If you're paying less than 10% of infra costs for monitoring, you probably don't have good enough monitoring. But if you're paying more than 25% of your infra costs for monitoring, someone is not doing their job.

salil999 · on Oct 2, 2022

> Our architecture isn't fully based on serverless because we like to get work done

What do you mean by this?

tepitoperrito · on Oct 2, 2022

I think he's being funny. I thought it was hilarious. There are huge boons to productivity if you know your stack. I don't know serverless so if I built anything around it it would probably just be shiny object syndrome.

cebert · on Oct 4, 2022

I think it depends on your use case and organization. My employer has traditionally built on-prem software customers run in their data centers. Everyone wants to move to the cloud now. However, we admittedly don’t have a lot of cloud experience yet. Serverless works well for us as we have a smaller but lucrative customer base (not Netflix scale). Amazon does a lot of heavy lifting for you such as 3 AZs by default, easy scaling, etc. W e provide value to our customers by understanding their domain and business logic challenges. Using serverless helps us focus on that and allows us to grow our cloud expertise without needing to manage k8 clusters or having large teams related to ops.

We have a lot of request/reply CRUD type requests that are heavier on reads than writes. We use API Gateway to manage websocket connections for us. This type of usage pattern and size of our customer base fits well with serverless.

josephcooney · on Oct 2, 2022

A tangentially related anecdote - I heard from a guy from MS that if you turn on Azure's AKS monitoring without any filtering of events applied the cost of the monitoring will be significantly more than running AKS itself.

yodon · on Oct 2, 2022

I had Azure AKS monitoring turned on for a minuscule, essentially unused hobby project. After about four months the monitoring costs suddenly exploded from about $4/mo to about $4k/mo.

No idea what happened and MSFT support couldn't tell me what was happening because at more than $100/day burn rate on a hobby project I started deleting everything connected with the effort as fast as possible.

All I know is my AKS wasn't exploding. Services were still responsive and acting normally in their minuscule cluster, this was just a logging cost explosion.

Also billing alerts are your friend.

malkia · on Oct 2, 2022

That might be okay, say you enable all for 10 - 20 seconds, such that all traces are sampled, logs logged, etc, and then it ramps down.

sandermvanvliet · on Oct 2, 2022

Yeah got burned by that once. Fortunately I had billing alerts in place so we found it quick…

pranay01 · on Oct 2, 2022

This is the default monitoring which comes with AKS setup right?

josephcooney · on Oct 3, 2022

I'm not sure....I don't think it was turned on by default for AKS. I can do some digging if you want.

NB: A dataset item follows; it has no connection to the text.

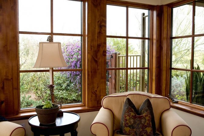 La plupart des cadres de fenêtres sont en pin. C'est le moins cher et la structure lâche du bois a une faible conductivité thermique et retient parfaitement la chaleur dans la pièce. Le bois de chêne et de mélèze est plus dur et plus durable, mais aussi lourd. Le prix des euro-fenêtres en bois avec fenêtres à double vitrage de ces essences est plus élevé que celui du pin.

danielodievich · on Oct 2, 2022

Absolutely. Two of my customers over last two years (a hypergrowth startup and a crypto marketplace) both had 20+MM/year DataDog bills, comparable in magnitude to both their AWS spend (both were built on AWS) and Snowflake spend (which was my area of focus). DataDog's wonderful yet it is pricey and that's why they have that beautiful target on them from all kinds of vendors.

pranay01 · on Oct 2, 2022

Very interesting! I never thought DataDog would be close to AWS spend

Were these also on AWS Lambda or something else (EKS?)

danielodievich · on Oct 2, 2022

Both had everything you can possibly get from AWS and then more. I didn't interact with Datadog much except for once loading 4PB of archived DD data into Snowflake to search through it to satisfy govt records request. That was an illuminating project, Datadog can't handle that, but Snowflake sure could.